Burns was born in Stirling, Scotland, the son of John Burns of Stirth, a schoolmaster, and his wife Janet Young of Risk. He was educated at the University of Glasgow, and first appointed to the Barony in 1770, as assistant to Lawrence Hill. He was ordained on 26 May 1774, and thereafter was sixty-five years as minister himself. He became a Doctor of Divinity (DD) from the University of Aberdeen in 1808.

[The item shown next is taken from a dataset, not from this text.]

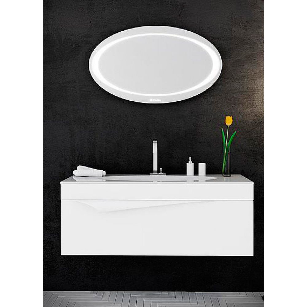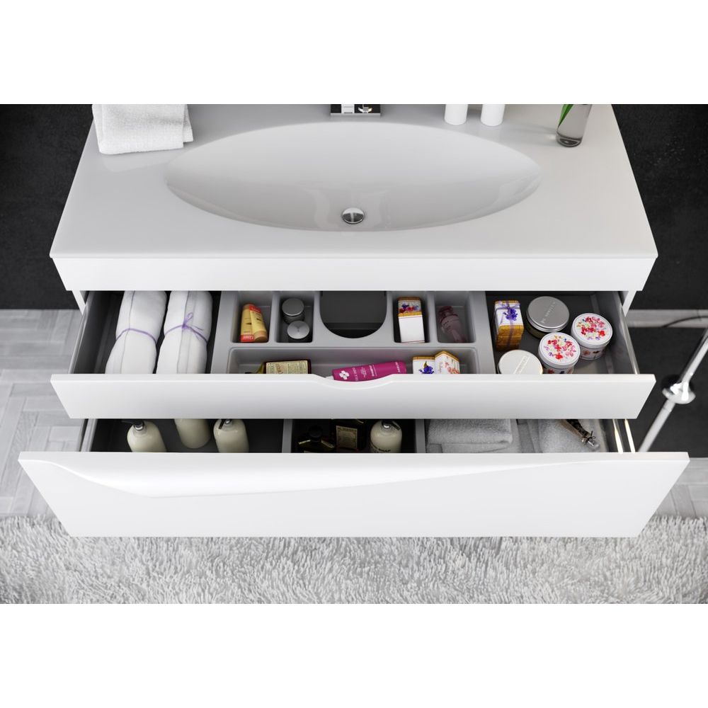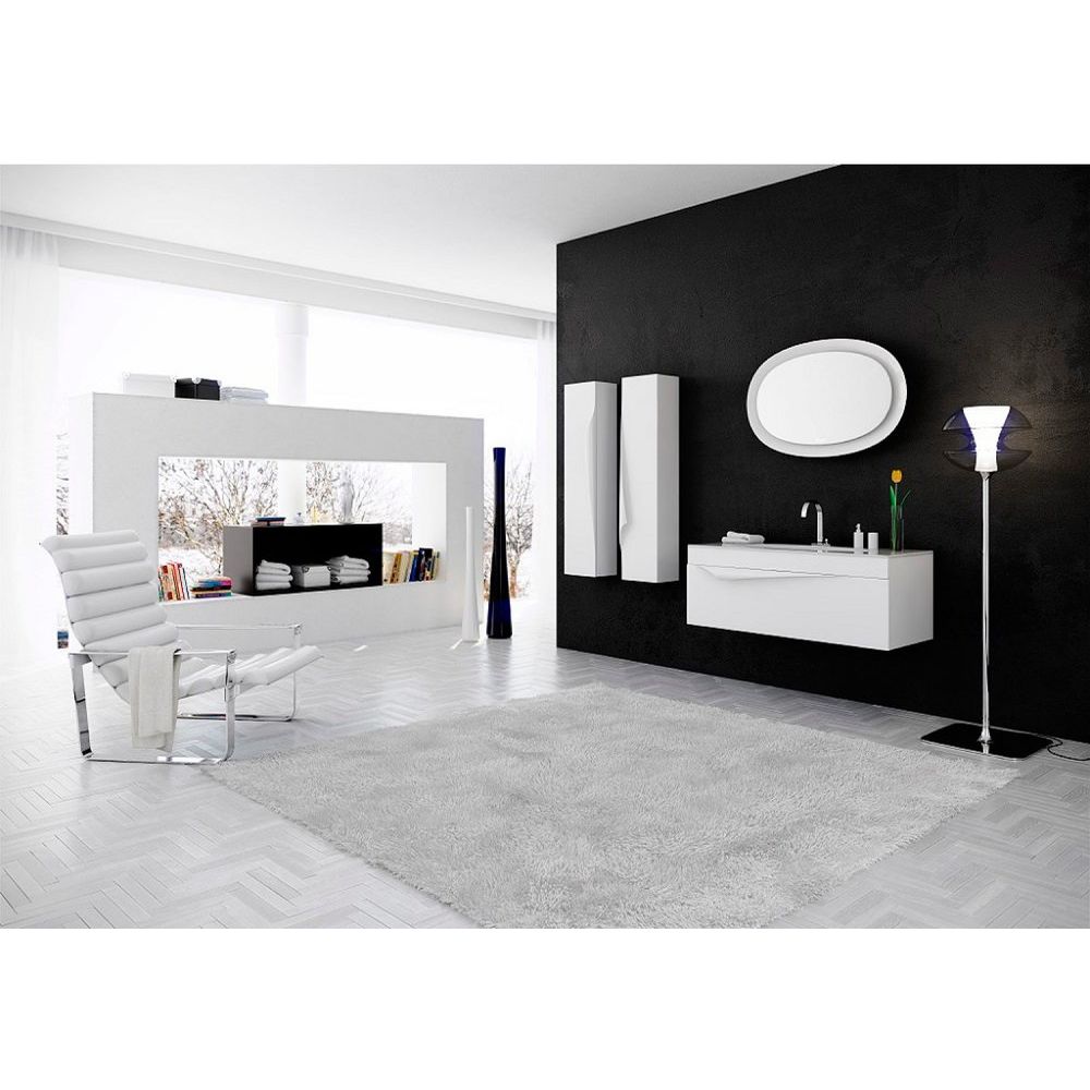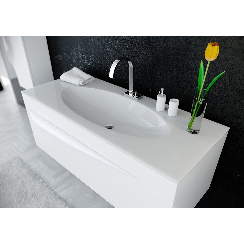 Этот комплект мебели для ванной комнаты состоит из тумбы и раковины. Размеры тумбы — 120x50x46 см, она подвесная с системой доводчика для плавного закрывания. Корпус сделан из прочного МДФ с эмалевым покрытием. Основной ящик с системой «Push to Open» оснащен тремя отсеками, а внутренний ящик — пластиковым сегрегатором для мелочей.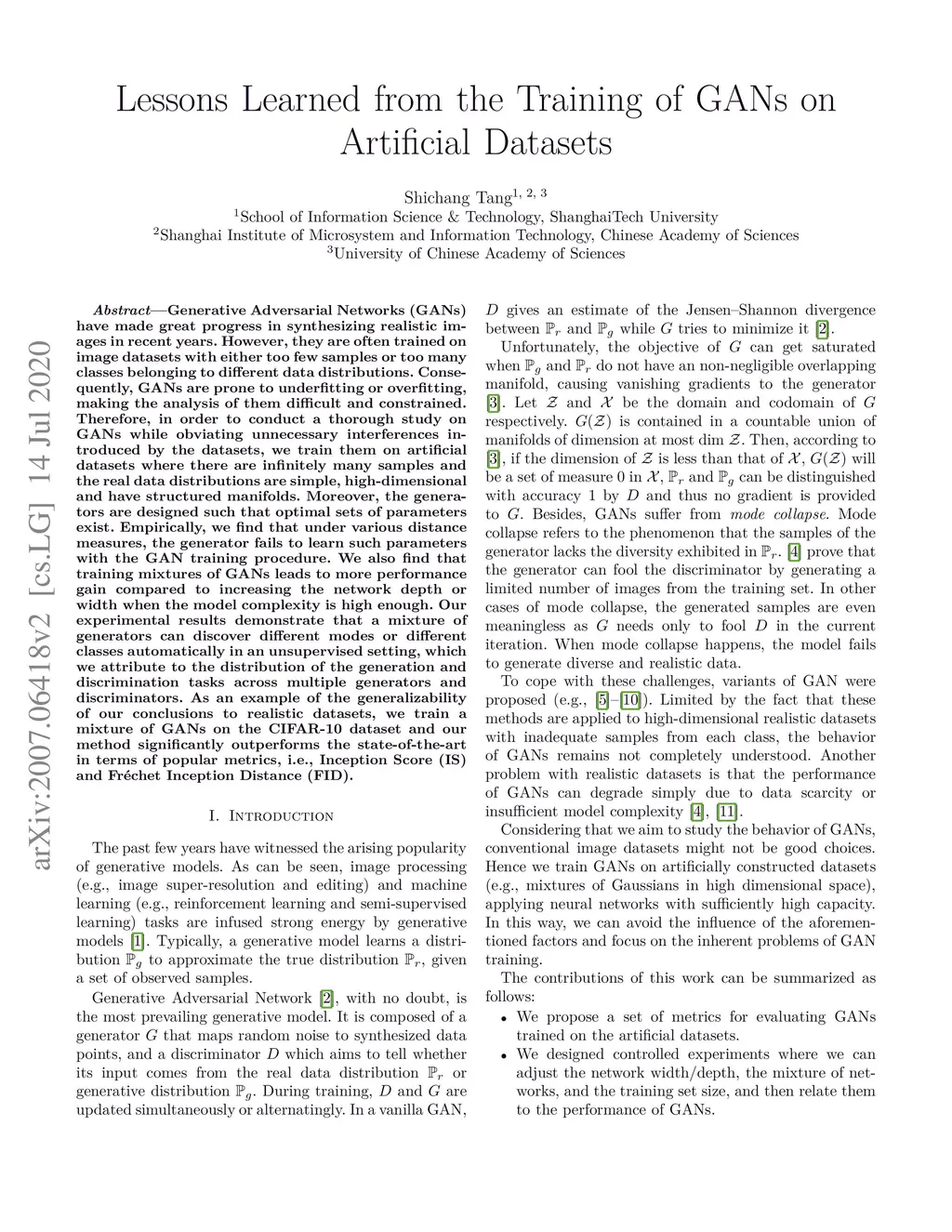Lessons Learned from the Training of GANs on Artificial Datasets

Burns was an ally of the Anti-Slavery Society and the Bible Society. Although Robert Raikes is usually credited with establishing the first Sunday school in the early 1780s, Burns opened a "Sabbath Night School" in Calton in 1774 or 1775.

He married Elizabeth Stevenson, daughter of John Stevenson, brewer in Glasgow. Among Burns's nine children, John Burns (1775–1850) became Regius Professor of Surgery at the University of Glasgow, Allan Burns (1781–1813) was a physician to the Imperial Court of Russia, James Burns (1789–1871) was a shipowner and George Burns (1795–1890) was his partner in G & J Burns.

A portrait by John Graham-Gilbert, painted in 1830, is in the collection of the Hunterian Museum and Art Gallery of the University of Glasgow.